Mechanistic Insights into the Aerobic Oxidation of Methane to Formaldehyde over Cu–Zeolite

The catalytic cycle of methane (CH4) oxidation mediated by CuII–OH species in the presence of molecular oxygen as an oxidant is discussed. The reaction pathways and energetics for the partial oxidation of CH4 to formaldehyde on the AlO4 surface of Cu–zeolite are computed and analyzed using the 3T cluster model at the B3LYP level of the theory. The presence of CuII–OH facilitates the C–H activation of CH4. The activation energy for this process is calculated to be 27.0 kcal/mol. Subsequently, the oxygen in the system coordinates with the Cu atom, generating formaldehyde via the formation of Cu-oxyl species. The overall reaction for the partial oxidation of CH4 is exothermic, with an energy change of 60.5 kcal/mol. Considering the activation energies of the catalytic cycle, the activation of the C–H bond of CH4 and the cleavage of the O–O bond are comparable and are the rate-limiting processes for both.

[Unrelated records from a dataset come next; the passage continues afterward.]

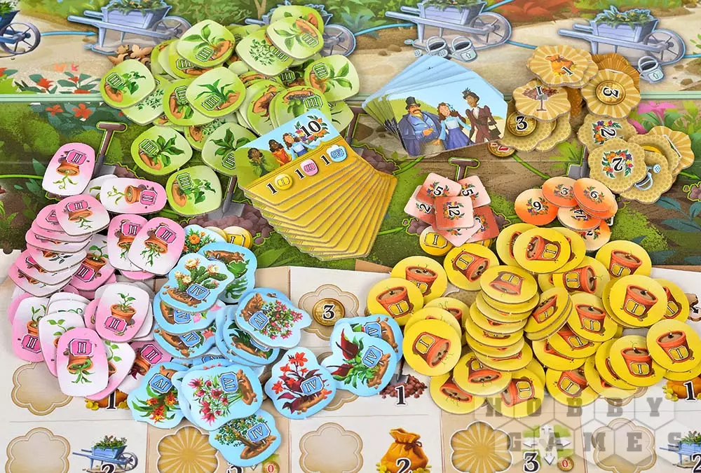 Три этапа игры раскрываются как лепестки цветка. В первом раунде вы закладываете основу своего сада. Когда все участники доходят до края поля, начинается второй раунд – перевёрнутые жетоны действий открывают новые возможности. Финальный этап – это последний шанс проявить мастерство, продвигаясь по счётчикам для получения решающих очков.
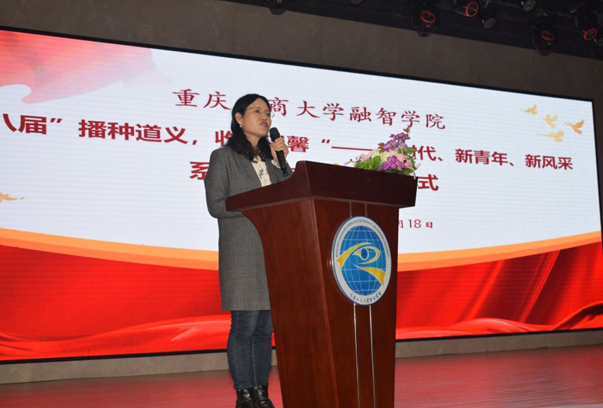 最后,马克思主义学院常晓薇院长给予了本次活动热情祝贺,值此“世界百年未有之大变局”之时,不仅我校即将迎来20周年校庆,取获得的发展机遇,“播种道义,收获温馨”德育活动也经历了八周年,逐渐长大成熟,八年来在老师和同学的精心维护下,使我校的思政育人工作取得显著成效,推出许多典范。常院长同时也表示,本次活动时代感强,主题鲜明,目标明确,并建议同学们在开展本次活动过程中:一要放眼世界、志存高远;二要政治站位高、把握准方向;三要立足现实、服务社会;四要在实践过程中,调查研究、全面发展;希望大家积极主动感知时代、融入时代、与时代共同发展。
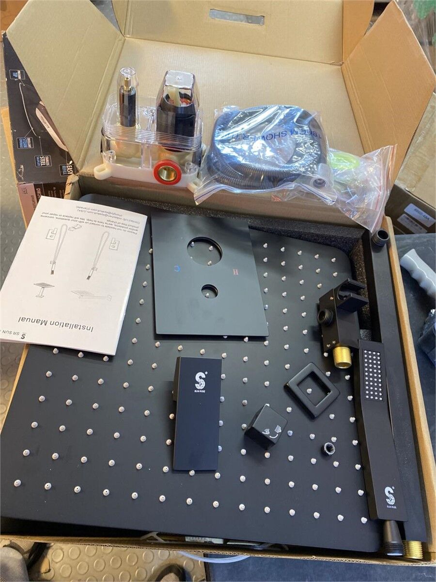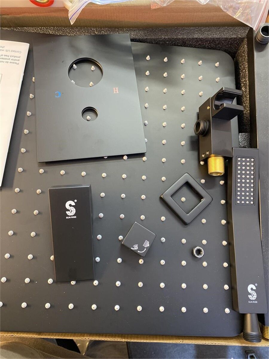 Retailer's Title: SR SUN RISE Matte Black Square Rainfall Shower Head and Handle Set, Wall Mounted Shower Fixtures, Metal Shower Faucet Trim Repair Kits (With Shower Valve) 16 Inches

In addition, an alternative pathway begins with C–H bond cleavage by the copper-oxyl species, ultimately yielding formaldehyde. These findings suggest that CuII–OH can effectively induce C–H bond cleavage, which is crucial for informing design guidelines for zeolite catalysts. More interestingly, proton transfer, hydride transfer, and hydrogen-atom transfer are included in the catalytic cycle.